Christine Yu: Thank you so much for having me, Zibby. I’m so excited to be here.
Zibby: Thank you for coming on. I know we have a special connection too, which is
Christine: It’s funny because I was very resistant to actually including my own story in writing this book, but my editor very much encouraged me to do so. I was running, hurt my ACL for the second time, and just was so mad. I was so angry at myself and at my body. I have an injury-prone body. I don’t have a body that’s made for sports. Just feeling out of place, in a way, and always blaming myself for it. I recognized in myself — I’m a sports and health journalist. In talking to other athletes, there’s always this sense that women kind of feel like they’re an anomaly in sports. Even though we’ve done so much and we’ve come so far in sports, there’s still a sense that we don’t quite fit. There’s something wrong. Women are so much more prone to injury and all of these things. It led me down this rabbit hole to really try to figure out why. Why is this? What’s going on here? Really uncovering and realizing that we actually don’t know a lot about female physiology specifically within the sports science world. Only six percent of sports science studies focus exclusively on women. It was as recent as 2020. It was just mind-boggling to me that this is the world in which we live in.

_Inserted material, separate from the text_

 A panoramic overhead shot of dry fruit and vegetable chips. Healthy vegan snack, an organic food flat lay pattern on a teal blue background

Zibby: It is crazy. I had heard in the past that most studies involved men for many things, not just sports, but really, a lot of medical research. I liked when you were saying, was it an oversight? Was it intentional? Do they not care about women? No, your assessment in the book, at least at first, it’s that they assume it’s the same. Women just happen to have reproductive organs. It’s not the same at all, obviously.

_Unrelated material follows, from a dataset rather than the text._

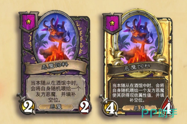恶魔种族,这次获得了一个叫"饲料"的新关键词。这个机制的运作方式比较特别,带有饲料标记的随从,会进入专属的随从池。当你刷新酒馆的时候,如果出现了饲料随从,场上饥饿的恶魔,就会直接把它吃掉,然后获得那个随从的全部属性,酒馆的位置,会重新刷出别的随从。这个机制让恶魔流派的成长速度变快了,前期可以通过不断刷新,来喂养核心恶魔,让它们的身材快速膨胀。不过要注意的是,饲料随从被吃掉后就没了,所以要算好时机,别浪费了主要的饲料卡。

Christine: I think it’s reflective of this idea that men are just the standard in everything, in every aspect of life. Sure, we can just apply the same findings that we see in men to women. It’s just the reproductive organs that are a little bit different. Not really recognizing the tremendous uniqueness and differences that can exist as well as some of the similarities that do exist. We just don’t appreciate the overlap as well as the difference.
Zibby: You also wrote about how doctors often miss things that they should catch about women athletes, which of course, derail their careers. You had an example of one woman who was really anemic. Somehow, they had missed that, and so she had all sorts of fatigue and other symptoms. Yet she kept going to doctors and had to miss a whole year of her career until they found the right diagnosis because women sometimes are just not listened to as much.

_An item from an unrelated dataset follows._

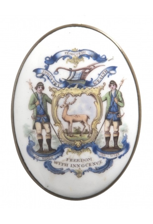 An enamel badge showing the coat of arms of the Most Ancient and Honourable Society of Bucks. The reference to innocence is presumably tongue-in-cheek.

Christine: Which I feel like, again, isn’t just specific to athletes, but I think it can be more heightened in athletes, especially because their bodies are literally their jobs. If we’re talking about elite athletes and pro athletes, their bodies are their jobs. They depend on it. Yet if you don’t have the right or the contextualized research — in that case, her blood panels all looked normal because they look normal for a normal person, but for an athlete, they don’t look normal. There are subtleties there that can be hidden that aren’t always appreciated.
Zibby: What are some of the takeaways for the average athlete, the recreational athlete, if you will, not the elite athlete, from your research?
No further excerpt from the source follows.